3 Tali risultanze istruttorie e il comportamento processuale tenuto dai convenuti, per la loro scelta di rimanere contumaci, costituiscono elementi di prova sufficienti e idonei a ritenere definitivamente fondata la domanda attorea, che quindi deve trovare totale accoglimento.

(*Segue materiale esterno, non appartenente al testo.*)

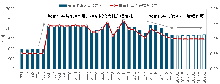 圖:1991-2025年全國新增城鎮人口及年增城鎮化率變化趨勢

Appare congruo compensare la spese di lite fra le parti, attesa la mancata costituzione in giudizio da parte dei convenuti e quindi la mancata contestazione degli assunti di parte attrice.
p.q.m.
Il Tribunale, in composizione monocratica, in persona del Giudice, Roberta Marra, coadiuvato dall'Ufficio del processo nella persona del giudice onorario, dott.ssa Vittoria Uggenti, definitivamente pronunciando nella causa iscritta al n. 381/2022 R.G., ogni contraria domanda, istanza, eccezione e deduzione reietta o assorbita, così provvede:
dichiara l'avvenuta usucapione in favore dell'attore della proprietà dell'area circostante il fabbricato a pian terreno, ad uso cortile o giardino esclusivo, sita a sub – est del fabbricato, meglio identificato nella planimetria, rispettivamente con il n. 4 ( in catasto Comune di Brindisi in foglio 33 part.lla 157 sub 22, area urbana, cat. F1 di consistenza di mq 124) e con il numero 3 ( in catasto in foglio 33 part.lla 157 sub 21, area di consistenza di mq 152); locale scantinato ad uso rimessa, sito nel piano sotterraneo della stessa palazzina di mq 120, al quale si accede dalla serranda posta frontalmente rispetto a chi scende dalla corsia carraia, meglio indicato graficamente in rosa nella planimetria B al n. 5, qui in doc. 4; riportato in Catasto urbano del Comune di Brindisi al foglio 33 particella 157 sub 16 (derivato dal sub 9) C/6, classe 3^, mq. 120, rientrante in un'area più grande di mq 334; locale deposito ad uso ripostiglio di mq 68 al quale si accede attraverso la porta che si raggiunge scendendo le scale e voltando a destra, meglio indicato graficamente in rosa nella planimetria B al n. 6 (doc. 4 vds le corrispondenti aree di colore rosa contraddistinte da 5 e da 6); riportato in Catasto urbano del Comune di Brindisi al foglio 33 particella 157 sub 19 (derivato dal sub 9) C/2, classe 3^, mq. 68, rientrante in un'area più grande di mq 334;
compensa integralmente le spese di lite;
ordina alla Conservatoria dei RR.II di procedere alla relativa trascrizione.
Così deciso in Brindisi in data 2 aprile 2025.